EMBO J. 2011 Aug 9;30(18):3854-63. doi: 10.1038/emboj.2011.261.
Venezuelan equine encephalitis virus (VEEV), a member of the membrane-containing Alphavirus genus, is a human and equine pathogen, and has been developed as a biological weapon. Using electron cryo-microscopy (cryo-EM), we determined the structure of an attenuated vaccine strain, TC-83, of VEEV to 4.4 Å resolution. Our density map clearly resolves regions (including E1, E2 transmembrane helices and cytoplasmic tails) that were missing in the crystal structures of domains of alphavirus subunits. These new features are implicated in the fusion, assembly and budding processes of alphaviruses. Furthermore, our map reveals the unexpected E3 protein, which is cleaved and generally thought to be absent in the mature VEEV. Our structural results suggest a mechanism for the initial stage of nucleocapsid core formation, and shed light on the virulence attenuation, host recognition and neutralizing activities of VEEV and other alphavirus pathogens.
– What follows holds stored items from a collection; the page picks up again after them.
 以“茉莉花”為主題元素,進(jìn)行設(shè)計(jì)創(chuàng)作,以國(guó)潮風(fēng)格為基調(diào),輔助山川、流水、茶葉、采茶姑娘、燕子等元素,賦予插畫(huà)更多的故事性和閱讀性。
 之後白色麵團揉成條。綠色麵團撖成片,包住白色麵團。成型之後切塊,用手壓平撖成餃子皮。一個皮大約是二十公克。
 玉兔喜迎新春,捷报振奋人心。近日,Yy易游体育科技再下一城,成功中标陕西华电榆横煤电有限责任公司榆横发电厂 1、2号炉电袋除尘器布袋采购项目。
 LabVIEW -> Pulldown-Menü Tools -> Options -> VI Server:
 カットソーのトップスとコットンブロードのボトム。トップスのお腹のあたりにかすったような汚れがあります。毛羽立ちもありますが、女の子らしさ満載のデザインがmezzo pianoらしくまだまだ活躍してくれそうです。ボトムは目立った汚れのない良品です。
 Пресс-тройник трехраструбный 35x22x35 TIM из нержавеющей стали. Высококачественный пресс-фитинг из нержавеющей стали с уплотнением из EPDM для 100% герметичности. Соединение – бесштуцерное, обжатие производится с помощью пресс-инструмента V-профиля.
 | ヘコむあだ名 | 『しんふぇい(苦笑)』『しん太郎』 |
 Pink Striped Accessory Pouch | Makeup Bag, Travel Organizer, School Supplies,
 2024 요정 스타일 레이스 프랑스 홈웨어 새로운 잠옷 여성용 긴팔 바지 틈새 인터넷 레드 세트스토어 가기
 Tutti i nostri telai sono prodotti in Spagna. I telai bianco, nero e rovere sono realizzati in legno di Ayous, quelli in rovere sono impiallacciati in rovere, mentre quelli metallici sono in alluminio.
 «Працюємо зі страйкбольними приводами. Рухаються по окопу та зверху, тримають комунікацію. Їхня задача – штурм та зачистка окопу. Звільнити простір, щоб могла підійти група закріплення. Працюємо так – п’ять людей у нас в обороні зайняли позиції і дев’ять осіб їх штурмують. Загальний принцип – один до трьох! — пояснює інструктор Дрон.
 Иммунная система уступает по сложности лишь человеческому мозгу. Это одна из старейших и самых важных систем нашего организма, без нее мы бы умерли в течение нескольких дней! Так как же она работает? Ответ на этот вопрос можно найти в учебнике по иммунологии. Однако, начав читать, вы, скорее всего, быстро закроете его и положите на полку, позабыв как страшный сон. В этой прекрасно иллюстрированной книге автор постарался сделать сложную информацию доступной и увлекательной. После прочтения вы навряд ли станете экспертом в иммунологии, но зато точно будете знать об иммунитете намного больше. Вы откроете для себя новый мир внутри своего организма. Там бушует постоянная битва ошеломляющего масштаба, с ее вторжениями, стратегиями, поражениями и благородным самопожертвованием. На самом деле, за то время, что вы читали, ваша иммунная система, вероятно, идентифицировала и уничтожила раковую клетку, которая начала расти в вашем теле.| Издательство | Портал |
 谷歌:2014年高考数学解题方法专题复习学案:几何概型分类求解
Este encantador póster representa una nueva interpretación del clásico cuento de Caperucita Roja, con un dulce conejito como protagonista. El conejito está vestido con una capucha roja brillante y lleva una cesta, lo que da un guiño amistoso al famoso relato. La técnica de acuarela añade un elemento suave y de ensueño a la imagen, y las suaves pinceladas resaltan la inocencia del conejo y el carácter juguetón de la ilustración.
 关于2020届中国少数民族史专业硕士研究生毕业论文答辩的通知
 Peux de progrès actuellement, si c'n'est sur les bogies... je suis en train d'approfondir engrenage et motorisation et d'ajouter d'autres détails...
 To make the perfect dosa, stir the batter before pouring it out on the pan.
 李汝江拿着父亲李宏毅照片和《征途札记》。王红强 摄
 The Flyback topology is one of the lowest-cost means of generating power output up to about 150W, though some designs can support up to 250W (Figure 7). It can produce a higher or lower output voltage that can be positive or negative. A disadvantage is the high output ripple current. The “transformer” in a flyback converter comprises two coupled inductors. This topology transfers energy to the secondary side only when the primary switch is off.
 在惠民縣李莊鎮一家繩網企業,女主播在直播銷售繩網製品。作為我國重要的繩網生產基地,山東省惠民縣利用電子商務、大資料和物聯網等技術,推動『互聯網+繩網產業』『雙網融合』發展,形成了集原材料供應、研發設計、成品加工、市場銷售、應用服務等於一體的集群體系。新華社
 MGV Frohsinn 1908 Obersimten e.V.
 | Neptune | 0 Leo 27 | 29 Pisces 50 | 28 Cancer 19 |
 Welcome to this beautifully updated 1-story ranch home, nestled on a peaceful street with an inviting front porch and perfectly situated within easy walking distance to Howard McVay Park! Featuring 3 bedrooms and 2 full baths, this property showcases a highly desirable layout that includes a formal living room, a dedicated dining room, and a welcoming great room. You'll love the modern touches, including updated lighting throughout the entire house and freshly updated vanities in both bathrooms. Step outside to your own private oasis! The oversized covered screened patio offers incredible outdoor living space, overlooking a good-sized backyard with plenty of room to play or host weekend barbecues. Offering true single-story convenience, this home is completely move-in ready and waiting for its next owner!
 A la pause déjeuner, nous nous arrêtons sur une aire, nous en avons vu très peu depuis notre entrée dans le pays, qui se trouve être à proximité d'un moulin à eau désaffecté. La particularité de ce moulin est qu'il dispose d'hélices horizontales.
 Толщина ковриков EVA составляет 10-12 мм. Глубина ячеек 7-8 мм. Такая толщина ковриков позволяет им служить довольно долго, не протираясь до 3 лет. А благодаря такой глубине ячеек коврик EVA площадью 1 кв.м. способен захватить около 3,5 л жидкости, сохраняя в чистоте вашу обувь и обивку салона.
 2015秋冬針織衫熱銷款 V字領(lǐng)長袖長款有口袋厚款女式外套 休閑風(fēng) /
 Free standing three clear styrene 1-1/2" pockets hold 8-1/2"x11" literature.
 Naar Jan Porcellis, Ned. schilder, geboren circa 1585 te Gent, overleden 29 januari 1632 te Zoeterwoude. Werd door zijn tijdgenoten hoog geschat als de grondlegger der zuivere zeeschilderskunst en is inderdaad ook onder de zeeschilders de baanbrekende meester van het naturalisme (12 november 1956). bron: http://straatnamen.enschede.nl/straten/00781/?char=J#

委内瑞拉马脑炎病毒(VEEV)是一种膜结合的甲病毒属成员,可感染人和马,曾被开发为生物武器。我们使用电子冷冻显微镜(cryo-EM)将 VEEV 的减毒疫苗株 TC-83 的结构解析至 4.4 Å 分辨率。我们的密度图清晰地解析了在甲病毒亚基结构域晶体结构中缺失的区域(包括 E1、E2 跨膜螺旋和细胞质尾巴)。这些新特征与甲病毒的融合、组装和出芽过程有关。此外,我们的图谱还揭示了出乎意料的 E3 蛋白,该蛋白被切割,通常认为在成熟的 VEEV 中不存在。我们的结构结果提出了核衣壳核心形成初始阶段的机制,并阐明了 VEEV 和其他甲病毒病原体的毒力减弱、宿主识别和中和活性的机制。